How would you solve this problem more efficiently using bash?
您将如何使用 bash 更有效地解决这个问题?
(One thing to add: I know it can be solved from perl or awk, I'm interested in a better solution in bash, not in those languages.)
(要补充一点:我知道它可以通过 perl 或 awk 解决,我对 bash 中更好的解决方案感兴趣,而不是那些语言。
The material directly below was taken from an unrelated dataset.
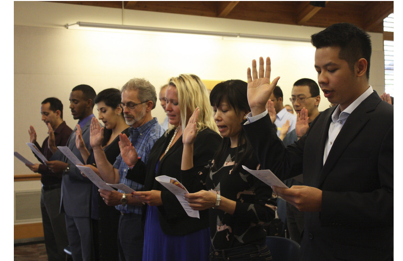
Pictured: A group of individuals who received service from The Welcoming Center are sworn in as American Citizens

Connect: Wi-Fi Hotspots and Laptops: Since 2020, King County Library System has been making connectivity available to people who would not otherwise be able to access the internet. The audience for these laptops and hotspots is partner agencies who serve people who are experiencing housing insecurity, as well as low income seniors, immigrants, refugees, and students.

)
ADDITIONAL INFO:
附加信息:
Suppose that the source file is 5GB and the machine running the algorithm has 4GB. So sort is not an efficient solution, neither is reading the file more than once.
假设源文件为 5GB,运行算法的机器为 4GB。所以 sort 不是一个有效的解决方案,也不是多次读取文件。
I liked the hashtable-like solution - anybody can provide improvements to that solution?
我喜欢类似哈希表的解决方案 - 任何人都可以对该解决方案进行改进?
ADDITIONAL INFO #2:
附加信息#2:
Some people asked why would I bother doing it in bash when it is way easier in e.g. perl. The reason is that on the machine I had to do this perl wasn't available for me. It was a custom built linux machine without most of the tools I'm used to. And I think it was an interesting problem.
有些人问我为什么要费心在 bash 中做它,而在 perl 中它更容易。原因是在我必须执行此操作的机器上,perl 对我不可用。这是一台定制的 linux 机器,没有我习惯的大部分工具。我认为这是一个有趣的问题。
So please, don't blame the question, just ignore it if you don't like it. :-)
所以请不要责怪这个问题,如果你不喜欢它,就忽略它。:-)
回答by Joachim Sauer
sort ip_addresses | uniq -c
This will print the count first, but other than that it should be exactly what you want.
这将首先打印计数,但除此之外,它应该正是您想要的。
回答by Francois Wolmarans
The quick and dirty method is as follows:
快速肮脏的方法如下:
cat ip_addresses | sort -n | uniq -c
cat ip_addresses | sort -n | uniq -c
If you need to use the values in bash you can assign the whole command to a bash variable and then loop through the results.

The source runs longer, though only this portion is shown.